Calamanthus commented 6 months ago

Another slightly different example... Gypsophila australis was identified by red as having 100% of its range in the current study area, and it is accepted by the gbif taxonomic backbone, but is regarded as a synonym to Gypsophila tubulosa by Flora of Australia and ALA, which is identified in bdbsa as a weed. GBIF does not recognise G.tubulosa and assigns it to the family level, so it cannot be a straight taxonomy fix. It may be easiest to just attribute this to genus (which is accepted) and effectively remove it from the data, as I can think of lots of problems with other potential solutions. In this case it won't matter if the taxa is lost as it is a weed, but I just hope there isn't a similar example for a species that is indigenous. I hate this stuff! I'll start compiling these examples into a fixes table.

Acanthiza commented 6 months ago

I've added in a taxonomy_overrides argument to make_taxonomy. It follows a similar form to taxonomy_fixes but is implemented differently (via left_join) due to the string-to-find and the string-to-replace being in different columns. However, another tack-on-fix at this point highlights the precarious nature of our current taxonomy workflow. I've changed the appropriate code in envPIA, but envClean::taxonomy_overrides currently only deals with the Hooded Plover issues. I'll leave this open until it has been tested more thoroughly.

Calamanthus commented 6 months ago

Great, thanks. I'll add the other cases above. Where is envClean::taxonomy_overrides? I can't see it under ~/packages/envClean...

Acanthiza commented 6 months ago

It's in the taxonomy_fixes.R file (in data-raw).

Calamanthus commented 6 months ago

Ok, I was thinking it was its own script

Calamanthus commented 6 months ago

Just looking at the code...if this is just changing the taxa in the lutaxa result, then the best key will presumedly not be relevant to the updated taxa. Do we want an override field in lutaxa to flag that the gbif taxonomy has been changed and the best key is no longer relevant?

Acanthiza commented 6 months ago

The link to the taxonomic hierarchy to use (in taxa$taxonomy) is via the taxa column. The key wasn't being used. I've now removed the key from lutaxa output. I've tried to think of a way to make these fixes earlier so that the correct other attributes (e.g. the status, matchtype and rank) come through, but haven't been able to work out how to implement it.
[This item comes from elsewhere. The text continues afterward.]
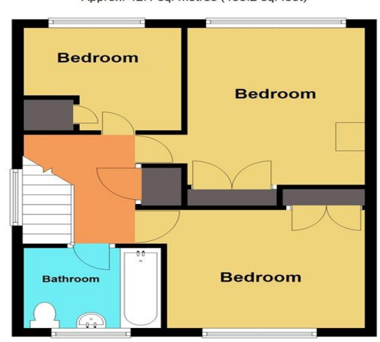
Total area: approx. 83.7 sq. metres (901.1 sq. feet) 45 Afon Close
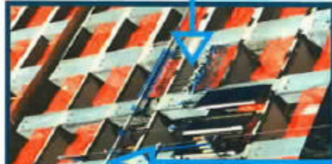
Beeche patented Mecano Monorail

So yes, perhaps worth flagging that those fields may be incorrect in the lutaxa results if a 'fix' has been made.

Acanthiza commented 1 month ago

Closing as this has moved on and is implemented (differently) in the current version of make_taxonomy that calls galah::search_taxa instead of rgbif::name_backbone_checklist

Calamanthus commented 1 month ago

I went to close this last week for the same reason, but left it open, as the overrides for galah are still not working properly. I will start a new issue for that when I have a chance.